# Vanda Paki 'Esther Motes' HCC/AOS



## Greenpaph (Jul 20, 2008)

Currently in bloom.


----------



## Yoyo_Jo (Jul 20, 2008)

Wow! That is gorgeous! :clap:


----------



## paphioboy (Jul 20, 2008)

That's a pretty unusual hybrid...  Is it fragrant? What is the parentage..? Does it have tricolor or luzonica in it..?


----------



## JeanLux (Jul 21, 2008)

very, very nice Peter; it is good to see again that there do exist non-blue Vandas  !!! Jean


----------



## Candace (Jul 21, 2008)

A very happy blooming!


----------



## Greenpaph (Jul 21, 2008)

paphioboy said:


> That's a pretty unusual hybrid...  Is it fragrant? What is the parentage..? Does it have tricolor or luzonica in it..?
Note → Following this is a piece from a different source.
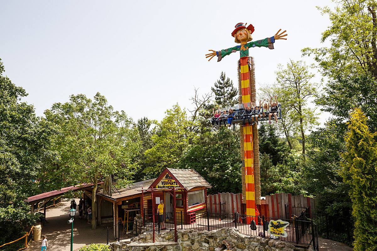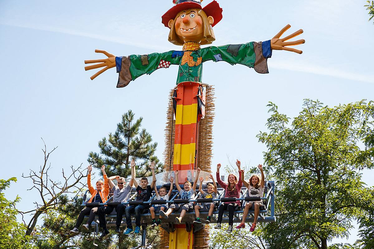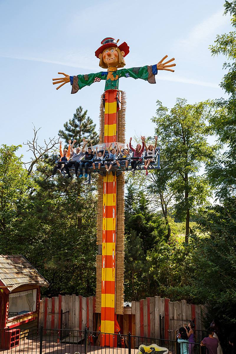 On the Scarecrow (Verrückte Vogelscheuche), you are taken on a startingly bonkers ride – initially yanked upwards and then precipitously off the cliff in apparent free fall then jerked into the heavens again. As if that is not enough, our scarecrow leans from side to side. Not a hair will stay in place!

It is cristata x tricolor and it is slightly fragrant.


----------



## goldenrose (Jul 21, 2008)

That is different! Good job!


----------



## SlipperFan (Jul 21, 2008)

They look like they are flying.


----------



## paphjoint (Jul 22, 2008)

Very pretty vanda!


----------



## Greenpaph (Mar 3, 2019)

Just recently bloomed again!


----------



## abax (Mar 7, 2019)

Lovely Vanda and so nice to see one that doesn't look like a dinner
plate.


----------